3). Психологические различия между мужчиной и женщиной столь очевидны, что, пожалуй, нет нужды их описывать, хотя любое положение спорно и всякое обобщение допускает множество исключений. Говоря о психологических особенностях женщин, принято, как правило, исходить из ее материнской функции, выполнение которой, в частности, требут обретения прочных отношений с другим человеком, который во время воспитания ребенка защищал бы их и давал пропитание, а также предполагает наличие особой связи с самим ребенком. Следовательно, найти и удержать супруга, одержав верх над соперницами, для женщины гораздо важнее, нежели для мужчины, который по природе своей ориентированна других женщин и для которого личностный аспект отношений не столь важен. Так это или нет, однако в общем и целом не вызывает сомнения тот факт, что большинство женщин гораздо более интересуется характером человека и личностными взаимоотношениями, нежели чем-либо другим. Если мужчин интересуют машины, увлекают какие-то идеи, теории, принципы, убеждения или вопросы права и справедливости, то женщин, как правило, интересует то, каков человек, исповедующий эти идеи и принципы, привлекателен он или неприятен, можно ему доверять или нельзя.
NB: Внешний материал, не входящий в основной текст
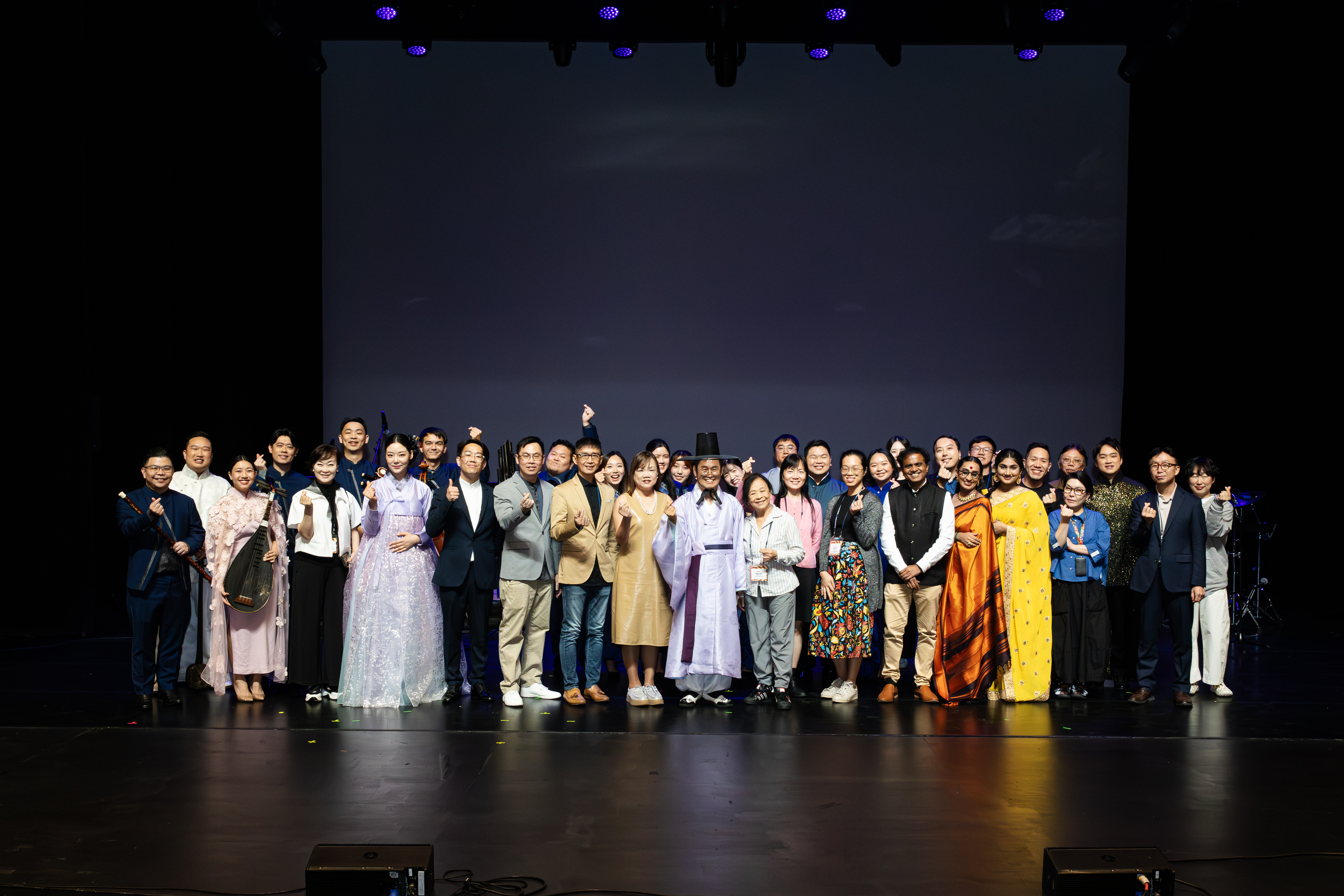 | ±è Àü´çÀå(¾ÕÁÙ ¿À¸¥ÂÊ¿¡¼ Àϰö ¹øÂ°)ÀÌ ÇÑ-½Ì°¡Æ÷¸£ ¼ö±³ 50Áֳ⠱â³ä °ø¿¬ Á÷ÈÄ ´Ù±¹Àû Ã⿬Áø°ú ÇÔ²² Æ÷Á ÃëÇϰí ÀÖ´Ù. [»çÁø=ACC] |
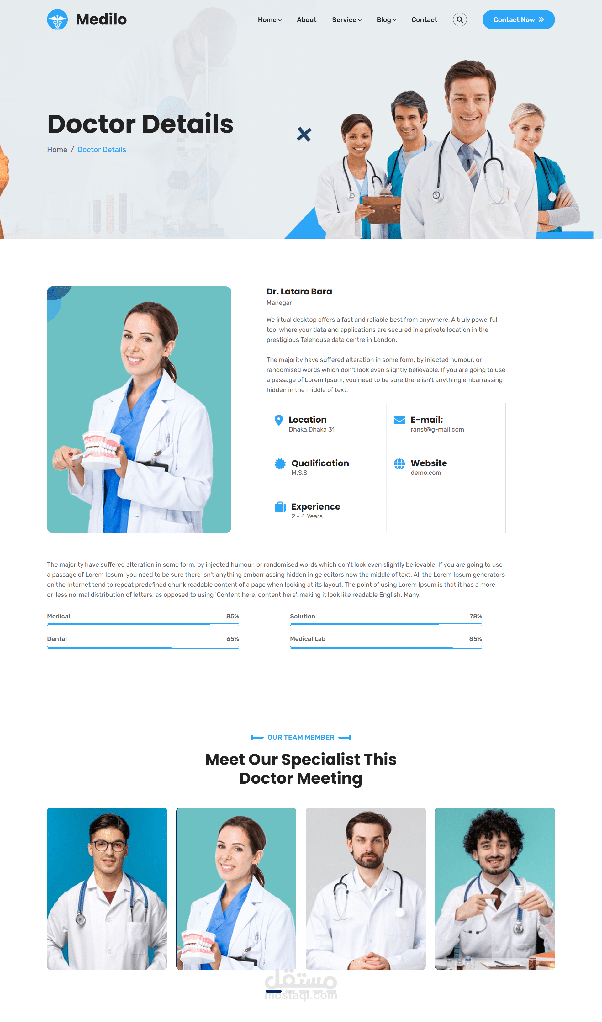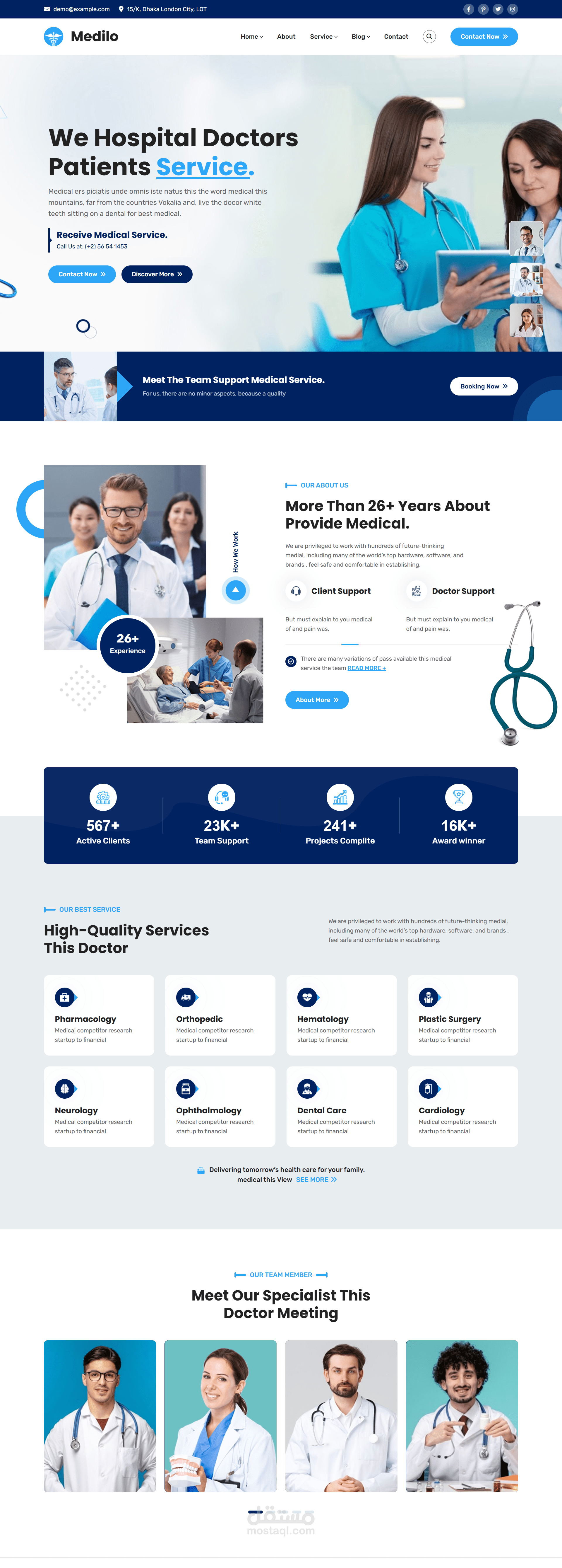 قمت بتطوير واجهة ويب حديثة ومتجاوبة لمنصة رعاية صحية، تركز على تقديم تجربة استخدام سلسة وآمنة تمكّن المرضى من تصفّح التخصصات الطبية وحجز المواعيد بسهولة عبر مختلف الأجهزة.
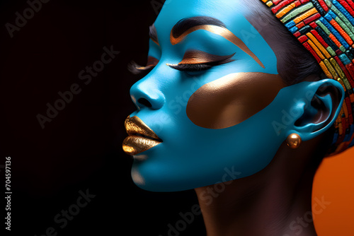 Portrait of Beautiful glamour African woman with colorful make up body art

Если какие-либо отношения важны для женщины, она с удовольствием будет принимать комплименты, хорошо зная, что это только они и не более; известно, правда, что и мужчины любят их слушать, однако всячески это скрывают. Вынашивая своего будущего ребенка, женщина обретает гораздо большую способность терпеть боль и обладает большим мужеством, в то время как мужчина скорее готов страдать за отвлеченные идеалы, в чем большинство женщин попростоу не видит смысла. Заботясь о своем ребенке, женщина обретает способность нежно и терпеливо относиться к больным и беспомощным, проявляя большое сочувствие и сострадание, однако терпение мужа, с которым он ловит рыбу или копается в машине, выводит ее из себя. Известно, что воспитывая ребенка, женщина привыкает учить других, поскольку порой острее видит, что лучше для них, а не для себя. Нередко в этом усматривают своенравие и желание командовать, хотя на самом деле здесь одна лишь материнская забота, пусть даже несколько избыточная. Выносив ребенка, женщина и потом не перестает чувствовать, что тот «принадлежит» ей, что между ними существует неразрывная связь, что бы ни случилось в жизни; ребенок в прямом смысле ее плоть и кровь, чего мужчины, как правило, не чувствуют и не понимают. Вероятно, поэтому, каким бы «плохим» не оказался ребенок, женщина почти никогда не расстается с ним, в то время как мужчина готов пойти на это, считая жену «слабохарактерной».

Можно думать, что из привычки матери оберегаать свое дитя вырастает и ее «бесчувственность», ее безжалостное и безрассудное (даже по отношению к себе самой) стремление поддерживать и защищать то, что ей принадлежит. Она быстрее чувствует опасность, если дело касается ее круга или ее интересов, в большей степени склонна придерживаться тех обычаев, правил, нравственных и социальных норм, которые, как подсказывает ей опыт, гарантируют большую безопасность — и в силу этого, в отличие от мужчины, не совсем готова принимать стиль поведения, который может разрушить то, что для нее важно сохранить.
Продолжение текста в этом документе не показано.